Hacer algo con tu hijo es como hacerlo con el típico amigo alérgico a todo que solo bebe

zumo de naranja o Shandy; no hay manera de divertirse, de escapar de la realidad porque, aunque

no quieras, no deja de recordarte lo mayor que eres, lo aburrida que es tu vida y el poco interés que

realmente tiene tu existencia.

Debí ponerme un condón.

No es que le mire y sienta asco, o quiera abandonarlo, es solo que no le veo utilidad alguna.

Ninguna. A veces me quedo quieto, frente a él, y cuento la cantidad de veces que se queda

completamente quieto o no hace algo que me molesta sobremanera. Su record son 1, y porque

estaba jugando con el vómito que acababa de mancharlo todo, incluida mi cara.
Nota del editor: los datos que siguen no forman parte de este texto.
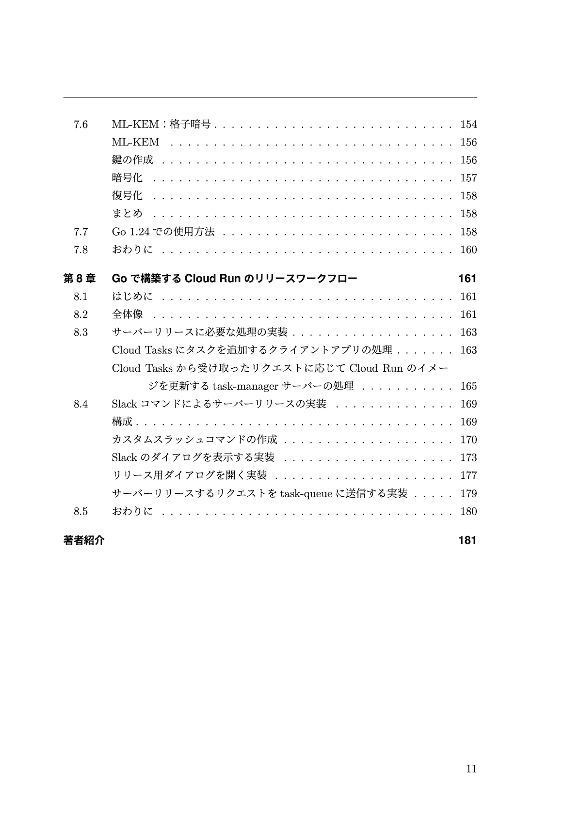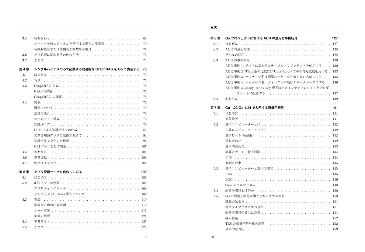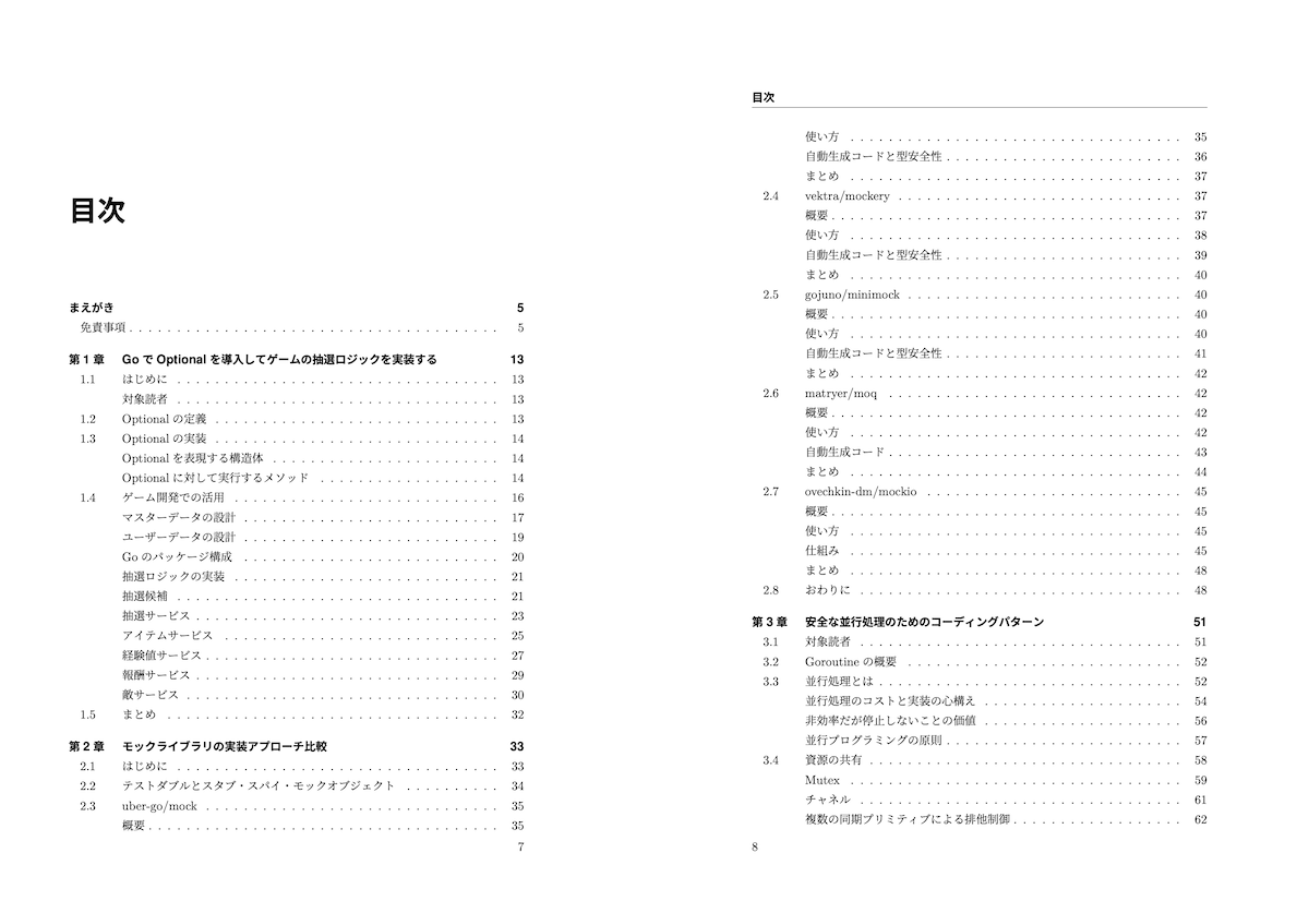 本技術書は、下記8章で構成されています。スマートフォンゲーム開発で実際に利用しているライブラリや実装手法の紹介から、Go標準機能の利用方法の解説まで、幅広い内容となっています。

Adoptemos un perro, recuerdo que le dije a mi novia el día que empezó a hablarme sobre

aumentar la familia. Llevábamos 3 años viviendo juntos, podría hasta decir que fueron de los

mejores de mi vida, si quitamos los 2 que viví sólo y los otros 3 que viví con uno de mis mejores

amigos, y ella se levantó un día con una resaca impresionante con olor a grosella y me soltó que

deberíamos convertirnos en una familia de verdad, lo cual no tenía ningún sentido si tenemos en

cuenta que yo todavía estaba vomitando en el wáter. Mis resacas son de lo peor del mundo. Me

limpié la bilis que colgaba de mi perilla y la miré a los ojos, a mi novia, no a la bilis, diciéndole

que adoptaríamos a un perro si ella quería; que me gustaba la idea. Ella puso una cara extraña y sin

decir nada se fue al salón, donde puso la tele y empezó a ver una reposición más de Los Simpson,

mientras yo terminaba de expulsar de mi cuerpo las alitas de pollo que me había comido la noche

anterior, regadas con sus buenos cubatas de Ron con Cola.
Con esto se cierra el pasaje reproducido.